### Aim of the exercise
Set down all of the records below exactly, please, omitting the images.

(Dataset excerpts)
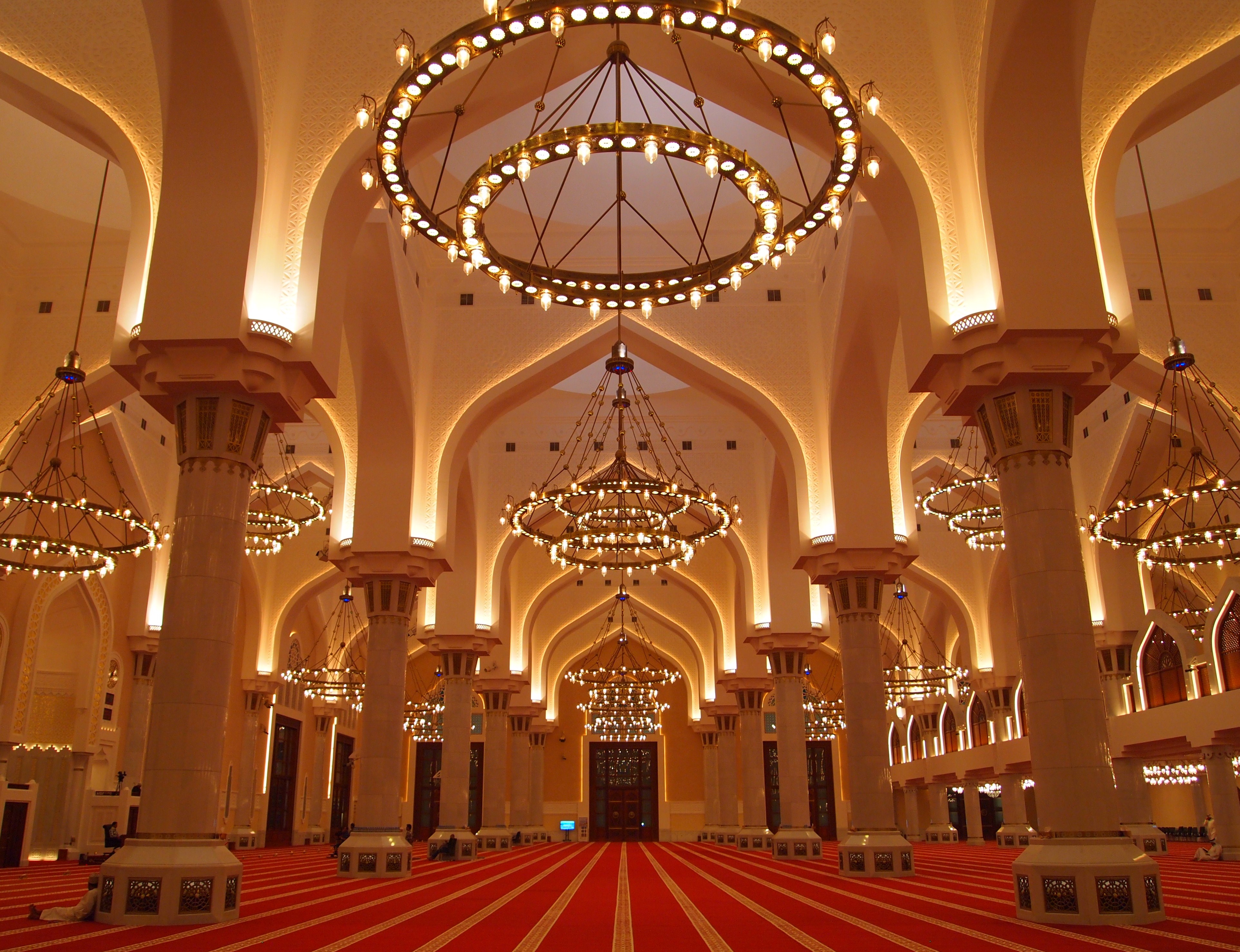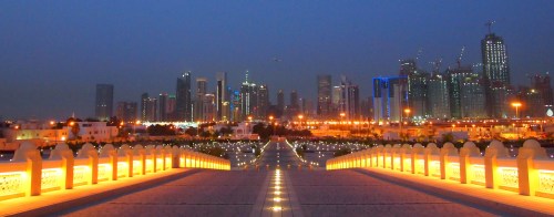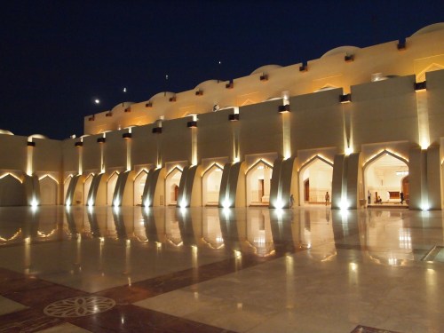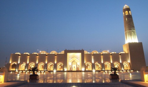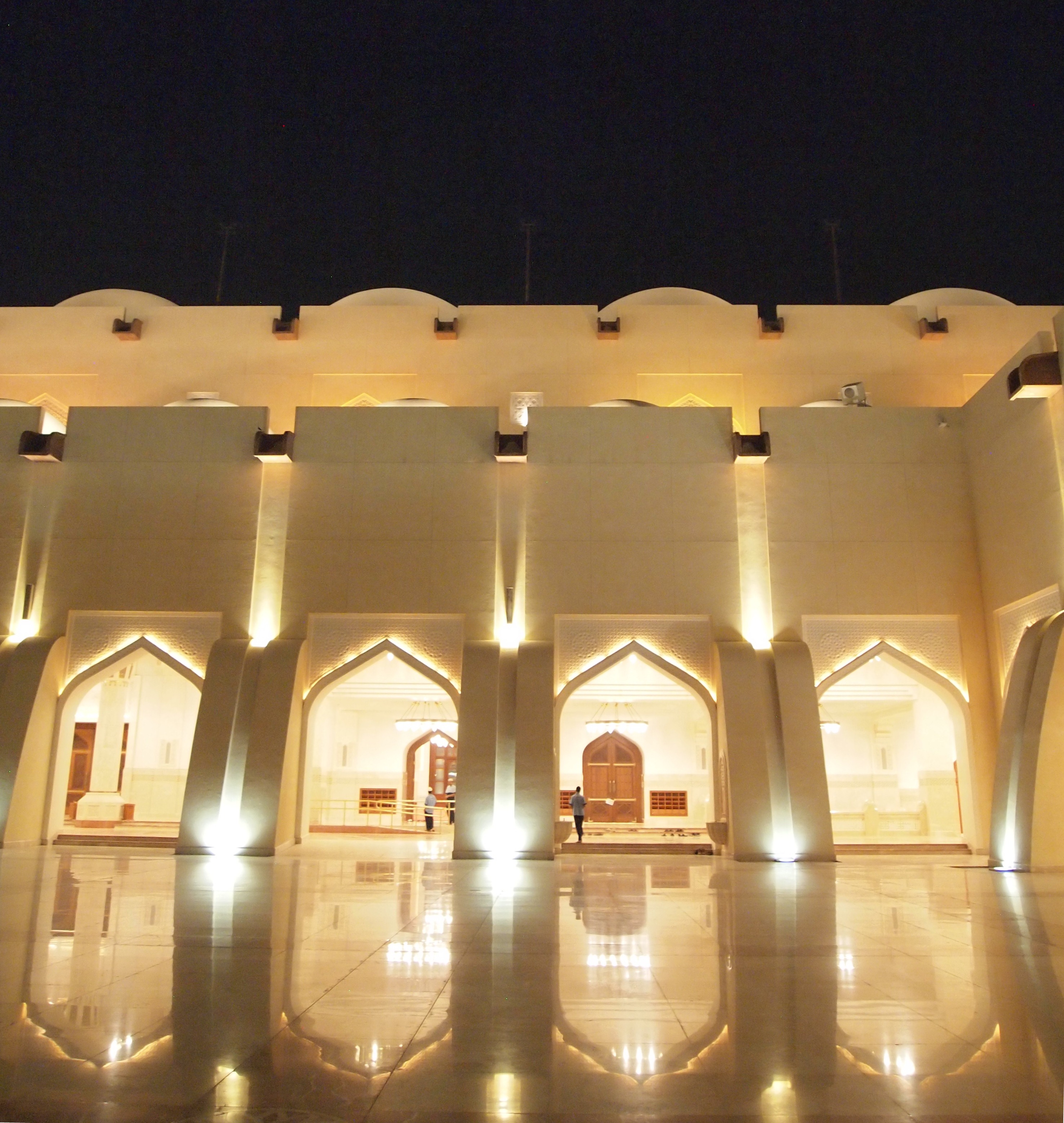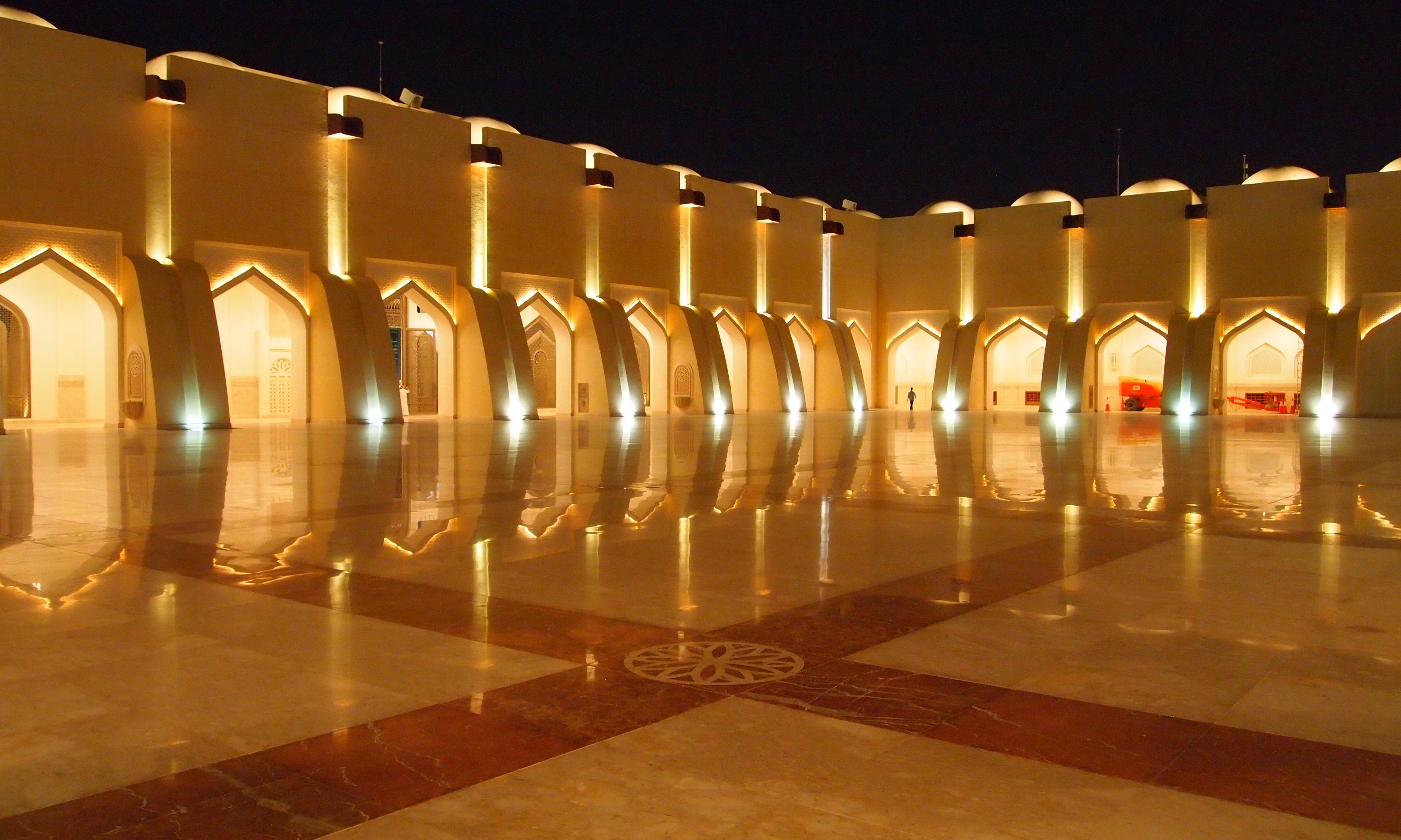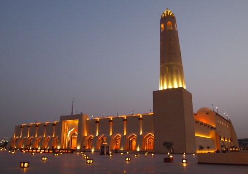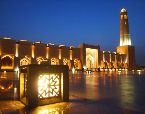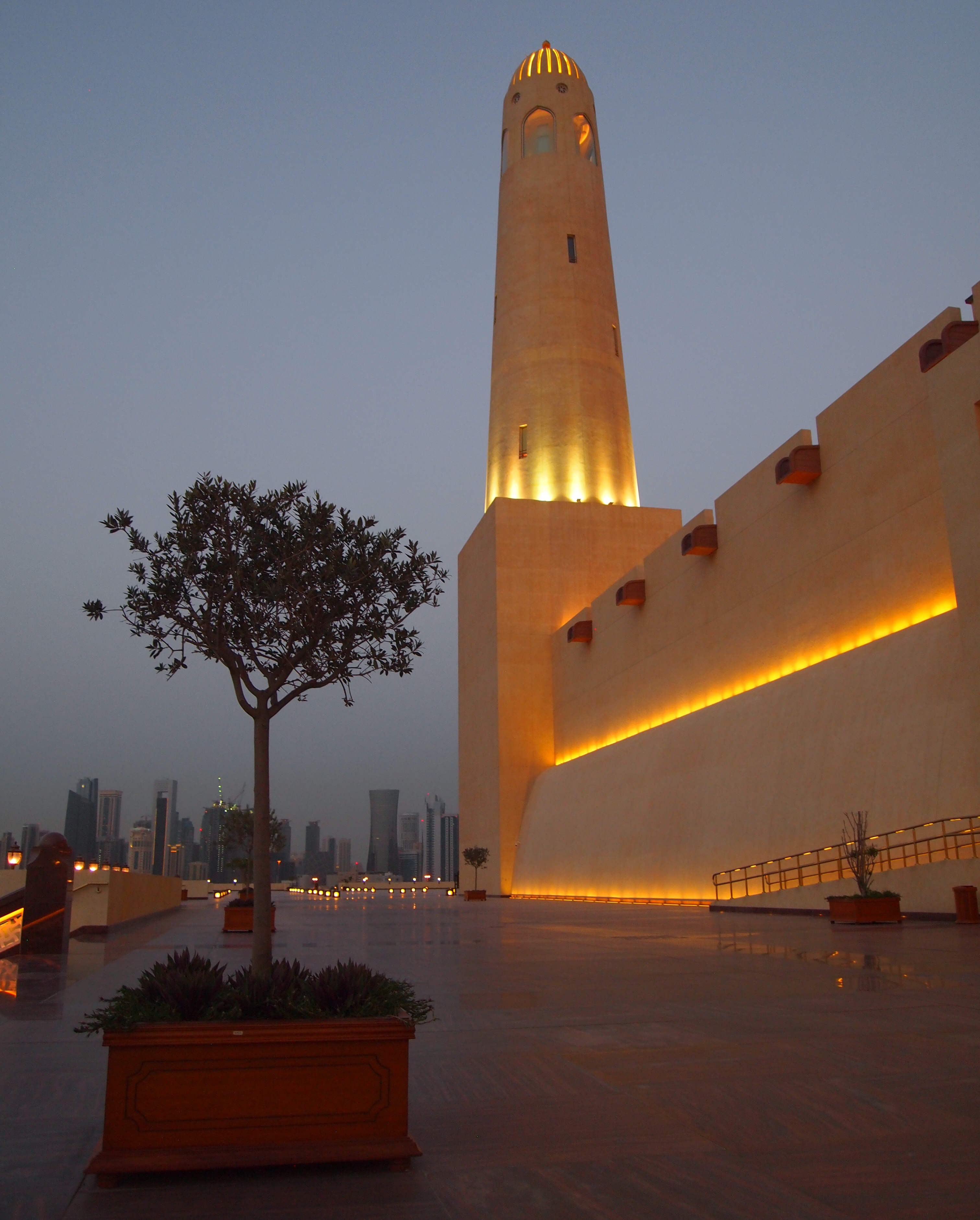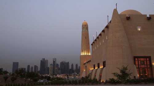 A few nights ago after work I decided I wanted to visit the state mosque of Qatar (aka the Sheikh Muhammad Ibn Abdul Wahhab Mosque) to photograph it. I had driven past it numerous times, and it’s a beautiful building. There was one photograph in particular that I was hoping to get. Although its located a ways from downtown, you can see the skyscrapers located in West Bay in the background if you’re to the East of the mosque looking West. I thought the combination of the traditional architecture of the Middle East with the modern skyscrapers in the background would create a nice contrast.
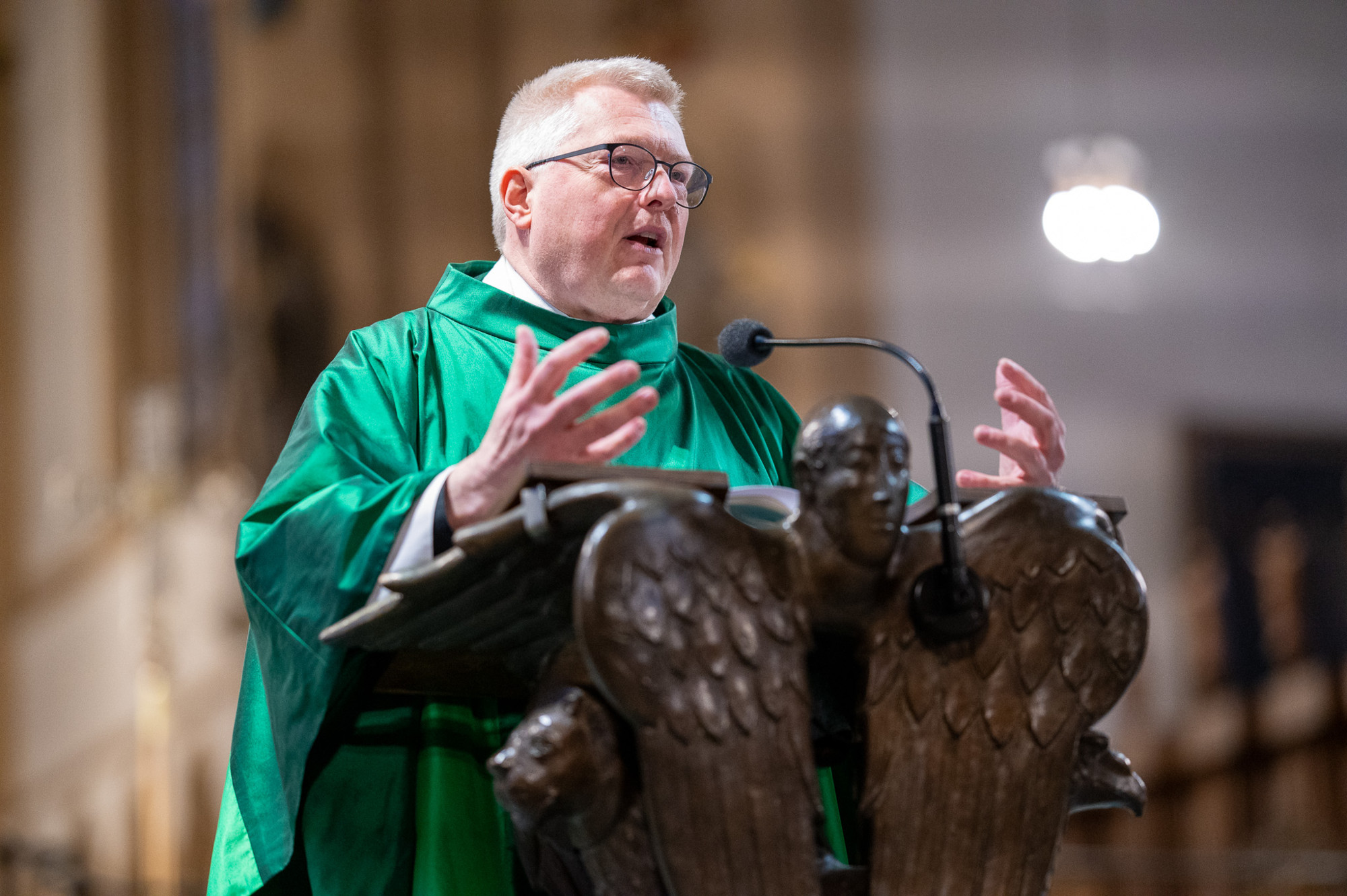 „Was tun Religionslehrerinnen und -lehrer, damit ein Kind das Beste aus seiner Schulzeit herausholt? Was tun sie, damit ein Kind etwas erfährt über die Hoffnungsperspektive des eigenen Lebens?“, fragt Generalvikar Dr. Michael Bredeck die Missio-Anwärterinnen und Anwärter zu Beginn seiner Predigt. Hoffnung – das bestimmende Thema des Heiligen Jahres, das seinen Anfang mit dem bevorstehenden Weihnachtsfest nimmt – möge, so der Generalvikar, auch die Religionslehrenden auf ihrem künftigen Weg begleiten. „Ich wünsche mir für Sie, dass Sie diese ‚Hoffnung‘ in Ihre neue Tätigkeit einfließen lassen – für sich und Ihre Schülerinnen und Schüler. Die Frage, die Sie antreiben soll, lautet: ‚Wie können Sie dazu beitragen, dass Kinder durch den Religionsunterricht etwas Hoffnungsvolles erleben und dadurch hoffnungsvolle Perspektiven für ihr Leben gewinnen?‘“, betont der Generalvikar. „Ahmt auch ihr mich nach, Brüder und Schwestern, und achtet auf jene, die nach dem Vorbild leben, das ihr an uns habt!“, zitiert Generalvikar Dr. Michael Bredeck die vorangegangene Lesung und fragt die Religionslehrenden: „Können und wollen auch Sie ein Vorbild sein?“
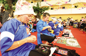 經(jīng)過層層選拔出的100名繡娘在此飛針走線,同秀技藝,展現(xiàn)了少數(shù)民族民間文化獨(dú)特的藝術(shù)魅力。
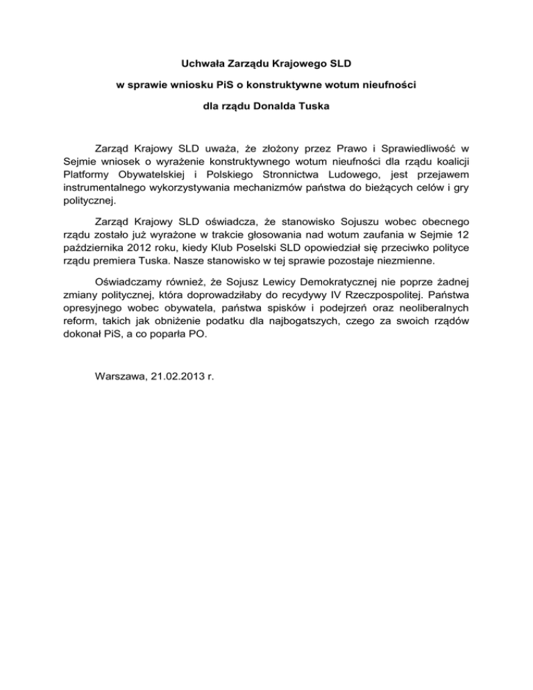 Uchwała Zarządu Krajowego SLD w sprawie wniosku PiS o konstruktywne wotum nieufności dla rządu Donalda Tuska Zarząd Krajowy SLD uważa, że złożony przez Prawo i Sprawiedliwość w Sejmie wniosek o wyrażenie konstruktywnego wotum nieufności dla rządu koalicji Platformy Obywatelskiej i Polskiego Stronnictwa Ludowego, jest przejawem instrumentalnego wykorzystywania mechanizmów państwa do bieżących celów i gry politycznej. Zarząd Krajowy SLD oświadcza, że stanowisko Sojuszu wobec obecnego rządu zostało już wyrażone w trakcie głosowania nad wotum zaufania w Sejmie 12 października 2012 roku, kiedy Klub Poselski SLD opowiedział się przeciwko polityce rządu premiera Tuska. Nasze stanowisko w tej sprawie pozostaje niezmienne. Oświadczamy również, że Sojusz Lewicy Demokratycznej nie poprze żadnej zmiany politycznej, która doprowadziłaby do recydywy IV Rzeczpospolitej. Państwa opresyjnego wobec obywatela, państwa spisków i podejrzeń oraz neoliberalnych reform, takich jak obniżenie podatku dla najbogatszych, czego za swoich rządów dokonał PiS, a co poparła PO. Warszawa, 21.02.2013 r.
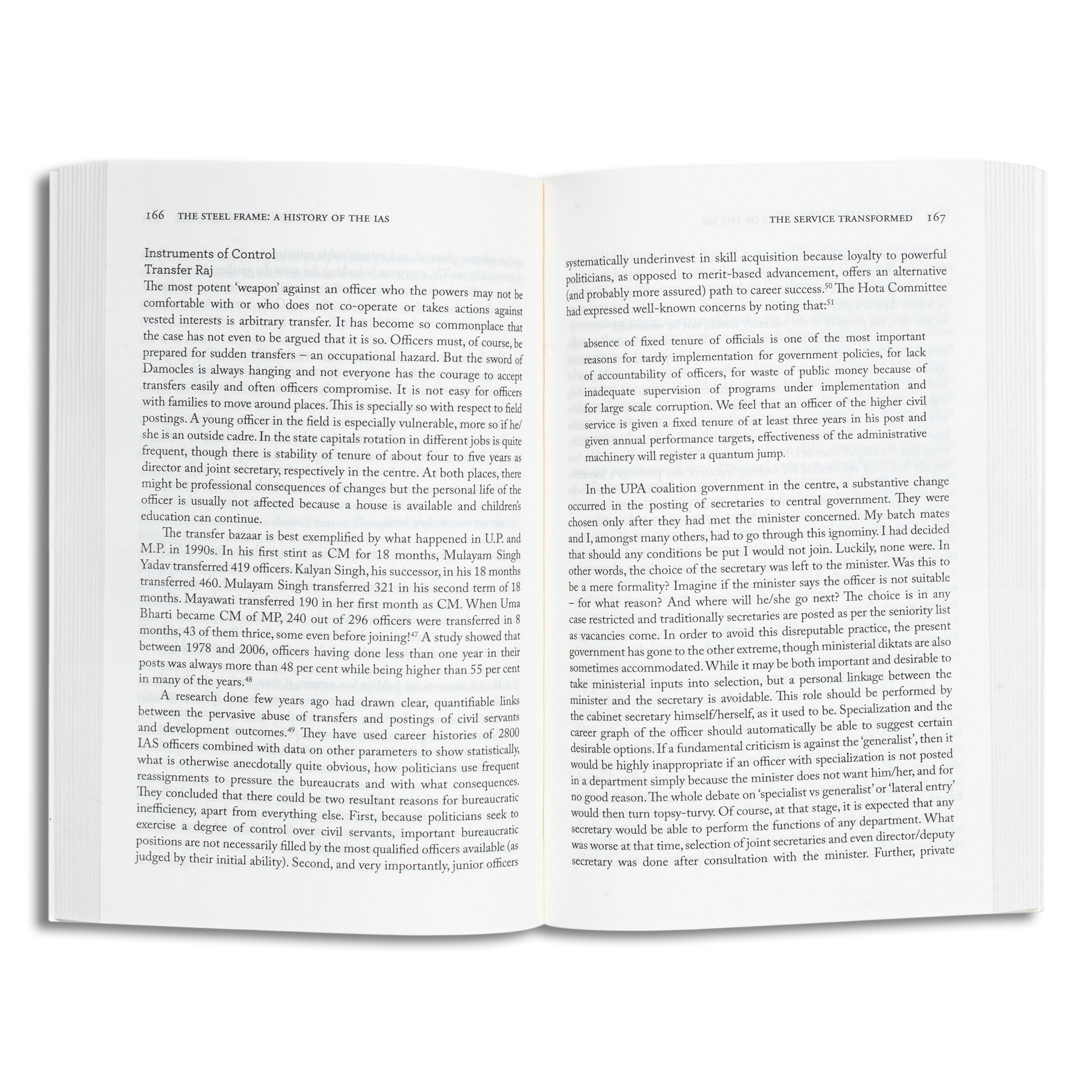 The development and role of the Indian Civil Service was one of the dominant features of the period of the East India Company and later, British rule in India. It is extraordinary how people employed by a trading company in a foreign land transformed into the most powerful Civil Service in the world. It was also the first Civil Service in the modern world where recruitment was on the basis of open competition and not through patronage. Though much criticized, it developed its own character and traditions. It is really unusual that such a service defined as the Steel frame', on which depended the fortunes and the survival of a huge empire continued essentially with the same structure and traditions, along with the administrative systems developed over a century, into independent democratic India. Although much has changed, even today the Indian Administrative service retains some basic characteristics from the past. This system of governance as it evolved in India is indeed fascinating story. Well researched and detailed in its presentation, Deepak Gupta looks at changes from the past, its present and also the future of the IAS. He also suggests some measures so that it could re-invent itself to play the important role envisaged by the makers of our Constitution.

### Written reply
 A few nights ago after work I decided I wanted to visit the state mosque of Qatar (aka the Sheikh Muhammad Ibn Abdul Wahhab Mosque) to photograph it. I had driven past it numerous times, and it’s a beautiful building. There was one photograph in particular that I was hoping to get. Although its located a ways from downtown, you can see the skyscrapers located in West Bay in the background if you’re to the East of the mosque looking West. I thought the combination of the traditional architecture of the Middle East with the modern skyscrapers in the background would create a nice contrast.
 „Was tun Religionslehrerinnen und -lehrer, damit ein Kind das Beste aus seiner Schulzeit herausholt? Was tun sie, damit ein Kind etwas erfährt über die Hoffnungsperspektive des eigenen Lebens?“, fragt Generalvikar Dr. Michael Bredeck die Missio-Anwärterinnen und Anwärter zu Beginn seiner Predigt. Hoffnung – das bestimmende Thema des Heiligen Jahres, das seinen Anfang mit dem bevorstehenden Weihnachtsfest nimmt – möge, so der Generalvikar, auch die Religionslehrenden auf ihrem künftigen Weg begleiten. „Ich wünsche mir für Sie, dass Sie diese ‚Hoffnung‘ in Ihre neue Tätigkeit einfließen lassen – für sich und Ihre Schülerinnen und Schüler. Die Frage, die Sie antreiben soll, lautet: ‚Wie können Sie dazu beitragen, dass Kinder durch den Religionsunterricht etwas Hoffnungsvolles erleben und dadurch hoffnungsvolle Perspektiven für ihr Leben gewinnen?‘“, betont der Generalvikar. „Ahmt auch ihr mich nach, Brüder und Schwestern, und achtet auf jene, die nach dem Vorbild leben, das ihr an uns habt!“, zitiert Generalvikar Dr. Michael Bredeck die vorangegangene Lesung und fragt die Religionslehrenden: „Können und wollen auch Sie ein Vorbild sein?“
 經(jīng)過層層選拔出的100名繡娘在此飛針走線,同秀技藝,展現(xiàn)了少數(shù)民族民間文化獨(dú)特的藝術(shù)魅力。
 Uchwała Zarządu Krajowego SLD w sprawie wniosku PiS o konstruktywne wotum nieufności dla rządu Donalda Tuska Zarząd Krajowy SLD uważa, że złożony przez Prawo i Sprawiedliwość w Sejmie wniosek o wyrażenie konstruktywnego wotum nieufności dla rządu koalicji Platformy Obywatelskiej i Polskiego Stronnictwa Ludowego, jest przejawem instrumentalnego wykorzystywania mechanizmów państwa do bieżących celów i gry politycznej. Zarząd Krajowy SLD oświadcza, że stanowisko Sojuszu wobec obecnego rządu zostało już wyrażone w trakcie głosowania nad wotum zaufania w Sejmie 12 października 2012 roku, kiedy Klub Poselski SLD opowiedział się przeciwko polityce rządu premiera Tuska. Nasze stanowisko w tej sprawie pozostaje niezmienne. Oświadczamy również, że Sojusz Lewicy Demokratycznej nie poprze żadnej zmiany politycznej, która doprowadziłaby do recydywy IV Rzeczpospolitej. Państwa opresyjnego wobec obywatela, państwa spisków i podejrzeń oraz neoliberalnych reform, takich jak obniżenie podatku dla najbogatszych, czego za swoich rządów dokonał PiS, a co poparła PO. Warszawa, 21.02.2013 r.
 The development and role of the Indian Civil Service was one of the dominant features of the period of the East India Company and later, British rule in India. It is extraordinary how people employed by a trading company in a foreign land transformed into the most powerful Civil Service in the world. It was also the first Civil Service in the modern world where recruitment was on the basis of open competition and not through patronage. Though much criticized, it developed its own character and traditions. It is really unusual that such a service defined as the Steel frame', on which depended the fortunes and the survival of a huge empire continued essentially with the same structure and traditions, along with the administrative systems developed over a century, into independent democratic India. Although much has changed, even today the Indian Administrative service retains some basic characteristics from the past. This system of governance as it evolved in India is indeed fascinating story. Well researched and detailed in its presentation, Deepak Gupta looks at changes from the past, its present and also the future of the IAS. He also suggests some measures so that it could re-invent itself to play the important role envisaged by the makers of our Constitution.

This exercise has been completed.